Input

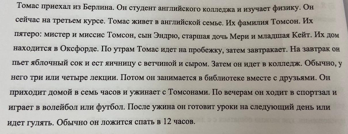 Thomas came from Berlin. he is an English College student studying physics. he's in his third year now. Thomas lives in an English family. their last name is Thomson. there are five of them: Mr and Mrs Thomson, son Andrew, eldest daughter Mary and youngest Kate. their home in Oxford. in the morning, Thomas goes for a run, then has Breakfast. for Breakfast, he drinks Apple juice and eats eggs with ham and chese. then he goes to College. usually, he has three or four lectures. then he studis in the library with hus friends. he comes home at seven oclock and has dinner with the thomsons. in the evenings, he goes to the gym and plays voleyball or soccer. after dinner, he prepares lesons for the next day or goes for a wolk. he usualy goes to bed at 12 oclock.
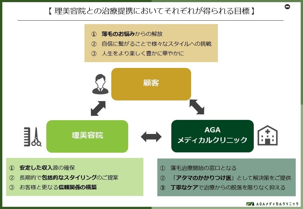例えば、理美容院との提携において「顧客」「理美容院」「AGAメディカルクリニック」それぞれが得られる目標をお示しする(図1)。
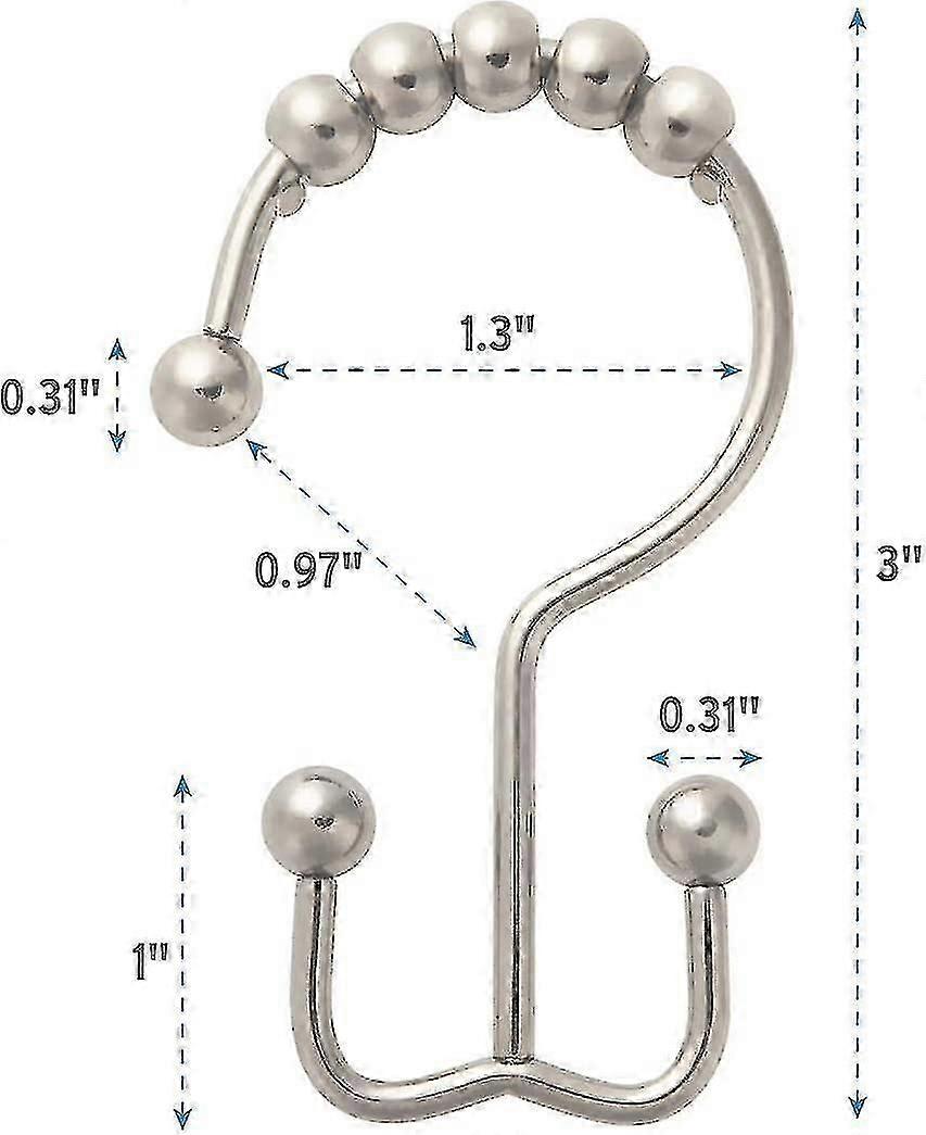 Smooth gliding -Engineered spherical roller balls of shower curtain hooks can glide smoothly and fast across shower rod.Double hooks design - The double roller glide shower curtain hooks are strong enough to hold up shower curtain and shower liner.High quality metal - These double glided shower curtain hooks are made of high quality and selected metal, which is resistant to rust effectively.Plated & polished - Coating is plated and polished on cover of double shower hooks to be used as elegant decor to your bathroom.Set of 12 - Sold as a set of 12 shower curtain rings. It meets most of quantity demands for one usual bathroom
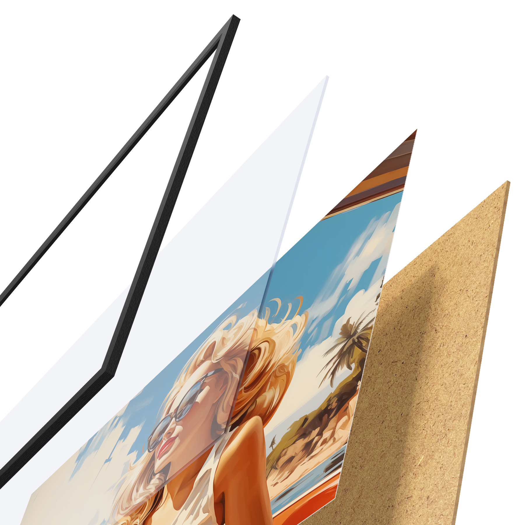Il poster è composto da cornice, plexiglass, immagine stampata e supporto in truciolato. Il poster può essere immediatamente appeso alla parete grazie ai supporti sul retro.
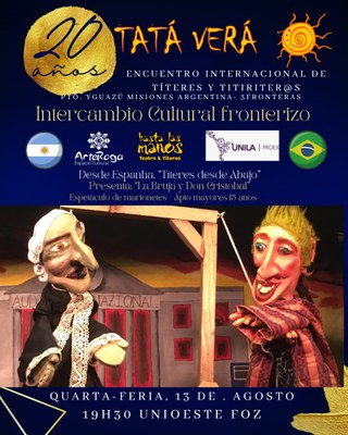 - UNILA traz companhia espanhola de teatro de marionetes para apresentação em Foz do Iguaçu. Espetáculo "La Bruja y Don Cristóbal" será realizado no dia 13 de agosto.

--

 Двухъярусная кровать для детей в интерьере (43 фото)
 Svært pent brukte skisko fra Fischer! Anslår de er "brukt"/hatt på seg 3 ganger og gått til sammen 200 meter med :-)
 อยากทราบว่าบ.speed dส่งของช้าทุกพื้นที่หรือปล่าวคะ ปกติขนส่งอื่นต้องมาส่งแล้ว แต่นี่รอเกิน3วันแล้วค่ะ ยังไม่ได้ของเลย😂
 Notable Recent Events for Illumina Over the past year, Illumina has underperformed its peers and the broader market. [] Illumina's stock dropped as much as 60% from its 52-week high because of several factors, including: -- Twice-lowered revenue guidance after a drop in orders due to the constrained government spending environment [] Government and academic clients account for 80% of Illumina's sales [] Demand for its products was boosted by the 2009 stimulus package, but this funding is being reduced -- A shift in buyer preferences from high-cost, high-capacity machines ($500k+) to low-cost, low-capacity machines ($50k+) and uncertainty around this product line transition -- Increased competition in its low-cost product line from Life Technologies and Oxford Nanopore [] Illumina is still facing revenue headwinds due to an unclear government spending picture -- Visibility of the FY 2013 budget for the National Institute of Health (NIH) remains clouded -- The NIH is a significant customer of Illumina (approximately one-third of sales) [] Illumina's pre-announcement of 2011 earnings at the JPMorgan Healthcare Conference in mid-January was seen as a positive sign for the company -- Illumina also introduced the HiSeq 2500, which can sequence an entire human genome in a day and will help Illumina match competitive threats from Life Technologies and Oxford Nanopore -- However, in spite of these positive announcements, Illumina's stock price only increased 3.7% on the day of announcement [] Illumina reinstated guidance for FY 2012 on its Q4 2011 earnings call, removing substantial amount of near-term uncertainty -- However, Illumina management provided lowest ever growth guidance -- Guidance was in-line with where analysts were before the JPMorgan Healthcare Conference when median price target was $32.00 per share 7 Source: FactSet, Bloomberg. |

---

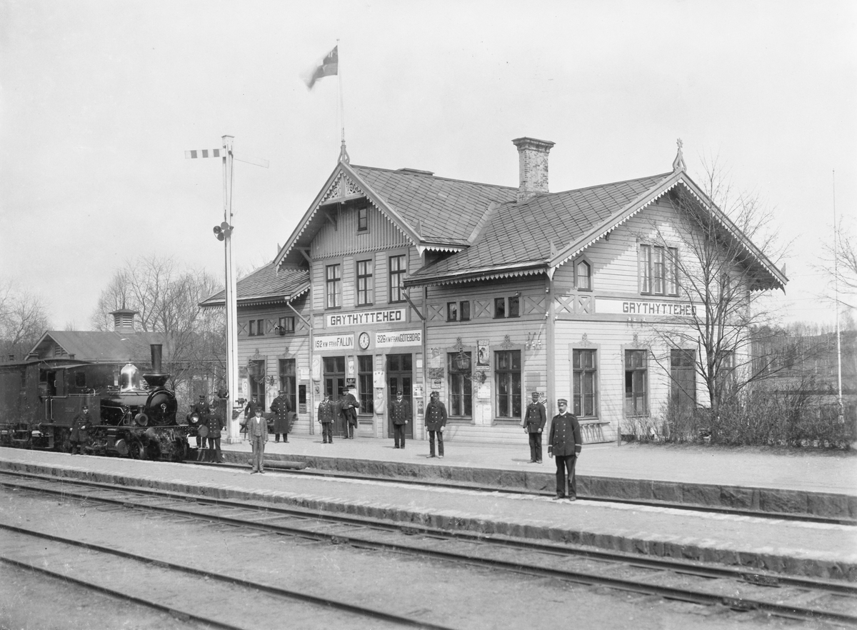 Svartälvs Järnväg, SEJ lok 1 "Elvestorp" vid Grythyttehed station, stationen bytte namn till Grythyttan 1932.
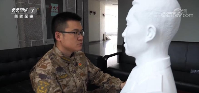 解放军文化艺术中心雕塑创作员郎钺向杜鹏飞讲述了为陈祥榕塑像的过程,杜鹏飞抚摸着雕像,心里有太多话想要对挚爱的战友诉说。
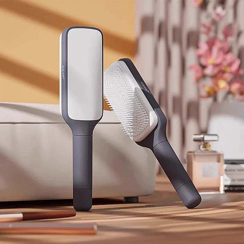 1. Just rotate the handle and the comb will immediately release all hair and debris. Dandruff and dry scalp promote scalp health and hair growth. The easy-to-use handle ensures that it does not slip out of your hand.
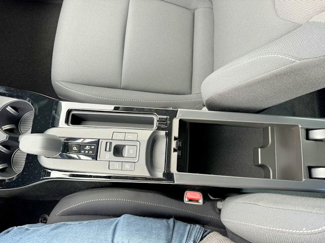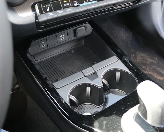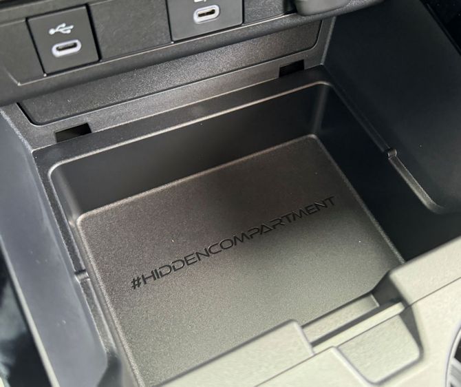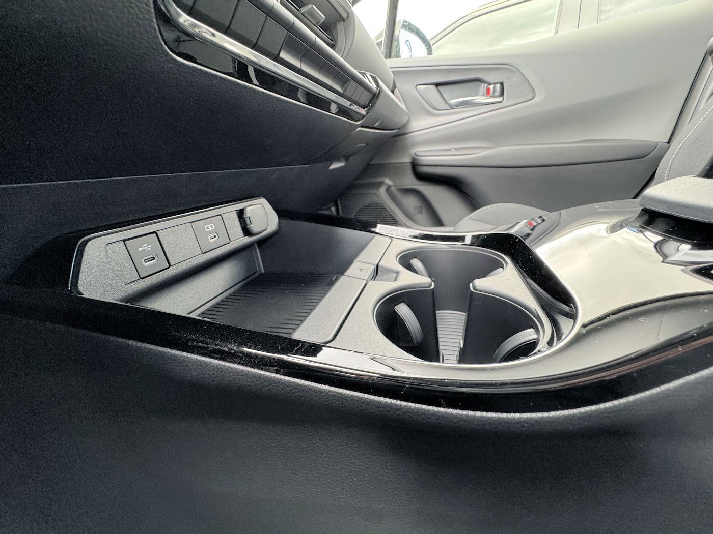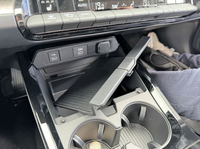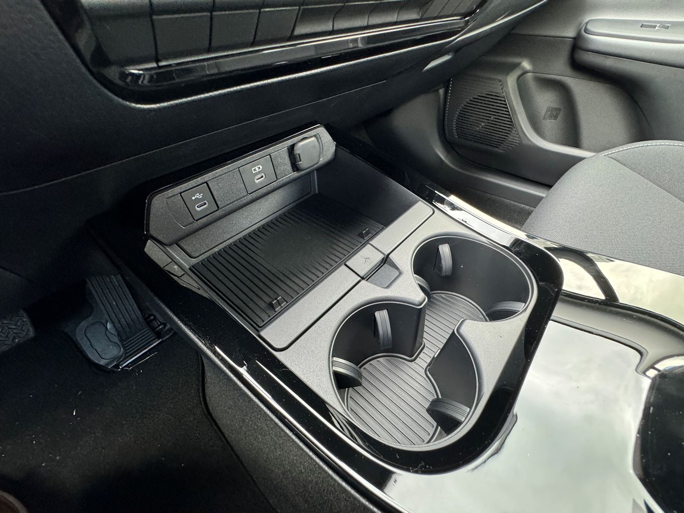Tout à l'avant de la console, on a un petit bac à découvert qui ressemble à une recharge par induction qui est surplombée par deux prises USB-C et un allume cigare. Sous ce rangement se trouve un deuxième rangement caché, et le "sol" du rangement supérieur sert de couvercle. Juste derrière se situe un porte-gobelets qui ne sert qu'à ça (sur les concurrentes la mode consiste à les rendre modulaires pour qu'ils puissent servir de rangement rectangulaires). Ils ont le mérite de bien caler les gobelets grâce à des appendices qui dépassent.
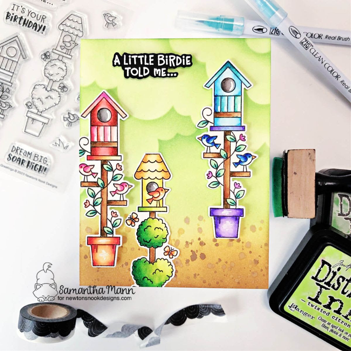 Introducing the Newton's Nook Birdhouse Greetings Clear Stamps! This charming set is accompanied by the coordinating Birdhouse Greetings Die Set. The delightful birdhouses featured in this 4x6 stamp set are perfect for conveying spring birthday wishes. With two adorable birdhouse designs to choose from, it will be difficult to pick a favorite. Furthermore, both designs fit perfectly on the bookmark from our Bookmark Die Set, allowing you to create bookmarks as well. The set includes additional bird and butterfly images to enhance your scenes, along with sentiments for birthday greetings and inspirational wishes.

Task details
Leaving out each picture, repeat exactly the lines above from the one that contains "Tout à l'avant" through the one that contains "Introducing the Newton's".

Written response
Tout à l'avant de la console, on a un petit bac à découvert qui ressemble à une recharge par induction qui est surplombée par deux prises USB-C et un allume cigare. Sous ce rangement se trouve un deuxième rangement caché, et le "sol" du rangement supérieur sert de couvercle. Juste derrière se situe un porte-gobelets qui ne sert qu'à ça (sur les concurrentes la mode consiste à les rendre modulaires pour qu'ils puissent servir de rangement rectangulaires). Ils ont le mérite de bien caler les gobelets grâce à des appendices qui dépassent.
 Introducing the Newton's Nook Birdhouse Greetings Clear Stamps! This charming set is accompanied by the coordinating Birdhouse Greetings Die Set. The delightful birdhouses featured in this 4x6 stamp set are perfect for conveying spring birthday wishes. With two adorable birdhouse designs to choose from, it will be difficult to pick a favorite. Furthermore, both designs fit perfectly on the bookmark from our Bookmark Die Set, allowing you to create bookmarks as well. The set includes additional bird and butterfly images to enhance your scenes, along with sentiments for birthday greetings and inspirational wishes.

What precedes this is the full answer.